Wenn das die gleichen wie die von der H70 sind,habe ich hier noch welche rumliegen.
Glaube aber die unterscheiden sich.


----------



## 45thFuchs (22. August 2011)

*AW: Mutter für Corsair H50*

Guck mal beim baumarkt nach m3 muttern und schrauben,da wirst du glaube ich schnell finden was du brauchst.


----------



## Scythe_Fan90 (22. August 2011)

*AW: Mutter für Corsair H50*

@45thFuchs
Danke für den Tipp aber ich wollte gerne eine Orginalschraube und nicht son rumgebastel, weil 2 verschiedene Schrauben einfach S****** aussehen.

@CSO 
Sind die Muttern bei der H70 auch Einschlagmuttern, die an dem "Mutterkopf" abgeflacht sind?


----------



## CSOger (22. August 2011)

*AW: Mutter für Corsair H50*

So sehen die Teile aus...


----------



## Scythe_Fan90 (23. August 2011)

*AW: Mutter für Corsair H50*

Ja, das sind die, die auf bei der h50 sind. Würdest du mir welche schicken? Kannst mir ja ne pm schicken.
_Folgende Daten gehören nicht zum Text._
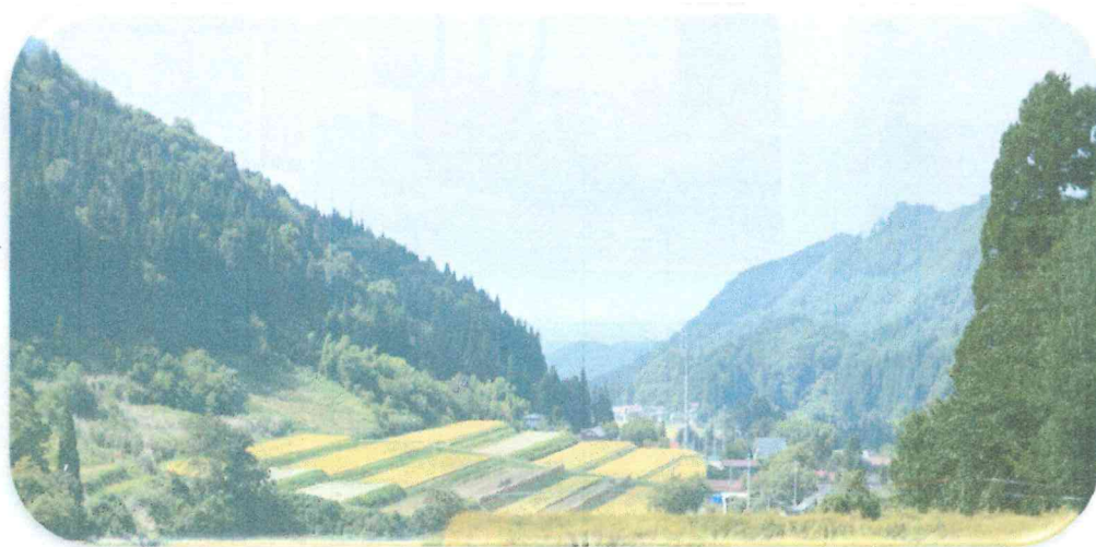
前方が当地区の棚田です！

Danke schonmal.


----------



## CSOger (23. August 2011)

*AW: Mutter für Corsair H50*

Hast ne PM.


----------



## Bluebeard (24. August 2011)

*AW: Mutter für Corsair H50*

Einfach Mail an CSGEurope@Corsair.com dann schickt man Dir ersatzmuttern!


----------